Stop forcing LLMs to answer in one pass. Give them a runtime.

PyPI Stars MIT License Blog Post

minRLM demo - LLM writes code, REPL executes, answer returned

Took a base model. Wrapped it in a tiny recursive loop: generate code - execute - refine - repeat.

Didn't change the model. Didn't add training. Didn't add data.

Just stopped forcing it to answer in one pass.

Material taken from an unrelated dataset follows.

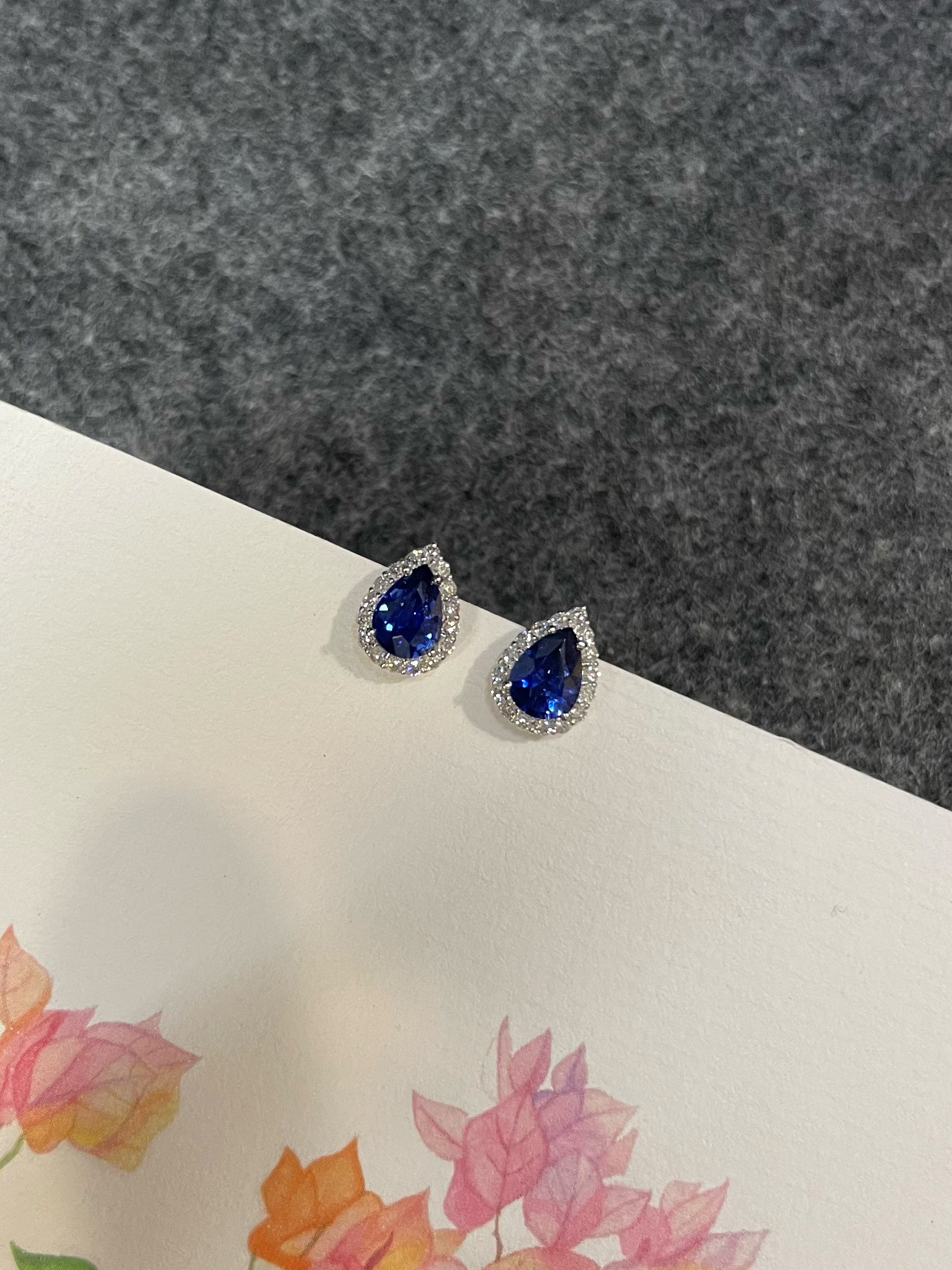 Blue sapphire pair weighs 2.11 carats in total.

The performance jump is not subtle:

Vanilla (one-shot) minRLM (recursive)
AIME 2025 0% 96%
Sudoku Extreme 0% 80%
Overall (GPT-5.2) 48.2% 78.2% (+30pp)
Tokens used 20,967 8,151 (3.6x less)
Cost $7.92 $2.86 (2.8x cheaper)

6,600+ evaluations across 4 models and 13 tasks. Full blog post | Detailed results


Try it in 10 seconds

pip install minrlm
export OPENAI_API_KEY="sk-..."

# Analyze a file - data never enters the prompt
uvx minrlm "How many ERROR lines in the last hour?" ./server.log

# Pure computation - the REPL writes the algorithm
uvx minrlm "Return all primes up to 1,000,000, reversed."
# -> 78,498 primes in 6,258 tokens. Output: 616K chars. 25x savings.

# Pipe anything
cat huge_dataset.csv | uvx minrlm "Which product had the highest return rate?"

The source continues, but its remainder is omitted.